Vérand moved to Milan as well, to supervise Alvisetto’s lessons, as Lucia was at court most of the day. She hired a kind, well-mannered Austrian music teacher who turned out to be Carl Thomas Mozart, the eldest son of Wolfgang Amadeus. When his famous father had died, in 1791, Carl Thomas was only six. At thirteen, he was sent to work as an apprentice in a commercial firm in Livorno. His dream, he told Lucia, was to start a piano business, but he had not been able to raise the necessary capital. He had gone back to studying music and for the past four years had made a living by giving piano lessons in Milan. “Of course he’s not his father,” Lucia told Paolina rather cruelly. “But he’s very sweet, plays well enough, and he teaches in German, so Alvisetto can practise the language.”
19
Lucia’s life at court resumed its dull and predictable pace after the summer furlough. She continued to do her duty without any special affection for the kingdom she served, and she still kept her distance from the scheming Milanese ladies who hovered around Prince Eugène and Princess Augusta. It occurred to her that the viceroy and the vicereine were probably the people she had grown fondest of in the period she had been in Milan. They were not an especially lively couple, but she came to value their kindness and consideration.

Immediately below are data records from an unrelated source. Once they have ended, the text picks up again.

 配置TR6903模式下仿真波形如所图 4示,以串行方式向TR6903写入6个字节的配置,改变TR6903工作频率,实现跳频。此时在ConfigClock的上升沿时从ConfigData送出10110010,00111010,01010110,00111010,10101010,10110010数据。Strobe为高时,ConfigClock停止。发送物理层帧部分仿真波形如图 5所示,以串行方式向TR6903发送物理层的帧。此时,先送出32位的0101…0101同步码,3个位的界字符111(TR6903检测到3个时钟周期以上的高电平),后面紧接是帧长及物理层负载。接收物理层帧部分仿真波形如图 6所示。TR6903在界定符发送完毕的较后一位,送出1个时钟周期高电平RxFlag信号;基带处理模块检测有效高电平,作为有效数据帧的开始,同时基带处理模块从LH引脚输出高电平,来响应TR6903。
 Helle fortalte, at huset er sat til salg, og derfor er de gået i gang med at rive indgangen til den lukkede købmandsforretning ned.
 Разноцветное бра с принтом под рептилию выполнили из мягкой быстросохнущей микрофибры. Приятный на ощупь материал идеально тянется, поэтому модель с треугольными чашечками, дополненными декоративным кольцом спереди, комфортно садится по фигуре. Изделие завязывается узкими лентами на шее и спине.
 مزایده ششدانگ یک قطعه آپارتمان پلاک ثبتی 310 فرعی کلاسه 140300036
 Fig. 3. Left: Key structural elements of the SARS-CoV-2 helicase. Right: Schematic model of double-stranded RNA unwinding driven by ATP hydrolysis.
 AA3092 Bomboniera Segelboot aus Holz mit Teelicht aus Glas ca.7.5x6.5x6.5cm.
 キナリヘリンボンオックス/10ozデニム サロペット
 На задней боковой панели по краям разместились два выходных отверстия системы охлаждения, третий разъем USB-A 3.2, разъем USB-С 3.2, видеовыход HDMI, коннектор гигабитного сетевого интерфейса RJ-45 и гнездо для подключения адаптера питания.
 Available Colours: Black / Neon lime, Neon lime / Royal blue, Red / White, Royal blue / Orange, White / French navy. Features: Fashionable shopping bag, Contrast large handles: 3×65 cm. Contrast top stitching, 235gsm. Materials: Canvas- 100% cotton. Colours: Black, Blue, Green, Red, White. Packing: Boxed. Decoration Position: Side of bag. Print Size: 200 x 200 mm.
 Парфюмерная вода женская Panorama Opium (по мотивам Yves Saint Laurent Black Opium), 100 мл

Lucia’s relationship with Princess Augusta revolved a great deal around clothes, as the Vicereine was constantly giving her rich gala dresses, more informal round dresses and easy-to-wear
déshabillés
from the best houses in Paris. The fabrics were among the finest, the colours fashionable, the gold and silver linings and bordures always of the best quality. Princess Augusta gave Lucia two or three dresses at a time, and she always remembered her birthday and her saint’s day. Lucia loved beautiful clothes and liked to be
à la page,
and of course she had plenty of opportunities to wear her new dresses. But she accumulated so many of them that she did not know where to store them any more. “[The Princess] is so generous with all of us and of course I am grateful for everything she gives me,” she told Paolina, “but I have reached the point where a new dress fails to excite much interest in me.”
20
Somewhat to her surprise, Lucia found that clothes were often Prince Eugène’s preferred topic of conversation as well. “The Viceroy called me to his room last night,” she wrote to Paolina conspiratorially,
He said: “In the last few days I’ve looked at many waistcoats and have chosen several for myself. There is one I like especially, and I’ve ordered a cut of the same fabric for you to make a dress. You know the fashion is now for men and women to wear matching dresses and waistcoats…”
21
The fabric was a beautiful
velours cachemire,
with a flower pattern embroidered in the Ottoman style. Lucia was flattered to be the object of Prince Eugène’s attentions, and she enjoyed the light flirtation between them. But she found it odd, and vaguely frustrating, that the Prince did not wish to discuss more serious matters.
Fashion, of course, was what the ladies-in-waiting mostly talked about among themselves and with Princess Augusta during the afternoon stroll or after their game of cards at
Petit cercle
. There were tedious disquisitions on the merit of short sleeves over long sleeves, on the latest designs from Paris, on the colours in vogue that season. Conversation was seldom lively and never brilliant. No one touched politics. Very little was mentioned about art, literature or even music. In the early days of the Cisalpine Republic, when poets and artists had been drawn to Milan by the young Bonaparte, the intellectual life had been quite vibrant. But after the proclamation of the Empire and the transformation of the Cisalpine Republic into the Kingdom of Italy, the monotonous rituals of royal etiquette imported from Paris created a soporific atmosphere.